International Erosion Control Association Conference slated for Raleigh in 2020
IECA will hold its annual Environmental Connection Conference on February 23-26, 2020 at the Raleigh Convention Center. Recent conference venues include Atlanta, Georgia in 2017, Long Beach, California this year, and Denver, Colorado in 2019. The trade show will likely be the biggest display of erosion and sediment control and stormwater management vendors in North Carolina's history. Educational sessions from E&SC professionals all over the world will assemble in Raleigh for this event. Field tours featuring NCSU's Sediment and Erosion Control Research Facility will be visited by hundreds. Over two thousand attendees and vendors are expected. Make plans to attend and consider presenting a paper or presentation or volunteer to help. Contact Ted Sherrod for more information.
Thanks to all my E&SC colleagues and friends for your prayers and words of encouragement after my recent illness. Thankfully, I am making good progress towards a full recovery.
Keep it between the ditches!

Ted Sherrod, NC Representative 
Florida Updates

A new stormwater manual is coming out in June to include green infrastructure and water sampling instructions. Their certification program is now online and automated. There will be four Muddy Water Blues events in the fall in Miami, Tampa, Jacksonville, and Pensacola.
All events can be registered for by going to our State of Florida's webpage link: .
 Hal Lunsford, ESIII - Statewide FSESCI Training Coordinator
Georgia Updates

Please contact Victoria if you are interested in organizing a Lunch and Learn of Networking Social Hour in 2018.

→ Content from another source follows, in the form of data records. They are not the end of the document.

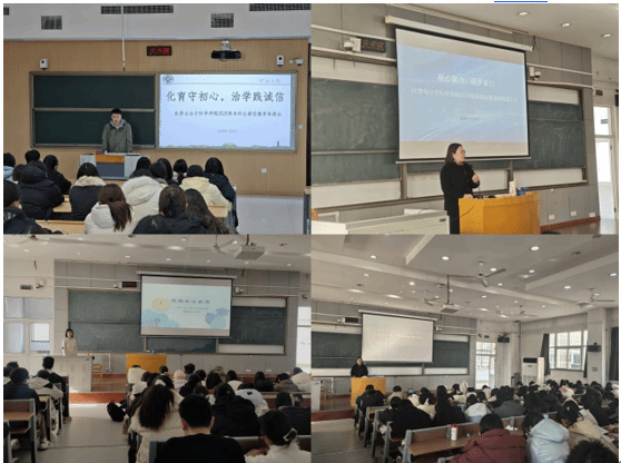 “分子阶梯”辅导员工作室组织开展期末诚信考试动员会,此次动员会各年级分别进行,本科生2022级兼2024级辅导员宁攀、2023级辅导员田梦、2025级辅导员王钏宇担任主讲人。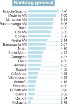En el Eje Cafetero Manizales fue la mejor rankeada, teniendo en cuenta que Pereira se encuentra cinco puestos más abajo y Armenia se ubica en la casilla 14. (ver infográfico: ranking general).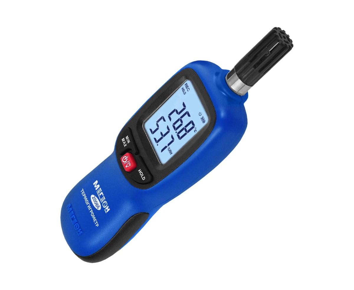 МЕГЕОН 20066 – новинка в модельном ряду цифровых высокочувствительных термогигрометров. Представленный прибор внесен в ГРСИ по номером 89786-23 и предназначен для быстрого определения параметров температуры и влажности с высокой точностью в помещениях и на открытом пространстве. Помимо этого с его помощью можно зафиксировать максимальные и минимальные значения измеренных данных. Преимуществом также является функция записи результатов в память емкостью 999 ячеек. Измеритель получил современный дизайн и компактные размеры. Модель имеет эргономичную форму корпуса, удобное расположение органов управления на передней панели и большой ЖК- дисплей с яркой светодиодной подсветкой. На заднее стенке предусмотрено монтажное отверстие для установки на штатив, благодаря чему достигается максимальное удобство при эксплуатации.

Victoria Cheplak -GA Representative
Alabama Updates

Most handbook changes are related to the Work at Auburn University's Erosion and Sediment Control Test Facility:
Check Dams
Check dams now will have a geotextile underlayment to prevent undermining.
Rock check dams will use geotextile on the front face to improve trapping efficiency.
In addition to Rock Check Dams the practice also includes information on:
  • Wattle Check Dams
  • Silt Fence Check Dams
  • Sand Bag Check Dams
Inlet Protection
This practice now encompasses ALL check dams (Fabric and Block and Gravel were incorporated into this new practice)
Inlet protection also utilizes a geotextile underlayment to prevent undermining.
The practice includes information on:
  • Silt Fence inlet protection
  • Block and Gravel inlet protection
  • Sand Bag inlet protection
  • Wattle inlet protection
Sediment Barrier
There are only 2 types of silt fence in the handbook now instead of 3.  Basically, one is reinforced and one in not.
Silt fence post spacing should be closer when ponding water.
The geotextile fabric requirements per AASHTO M288 are added.
Sediment Basin
PAM should be added upstream in a turbulent flow area and not on the first baffle as before.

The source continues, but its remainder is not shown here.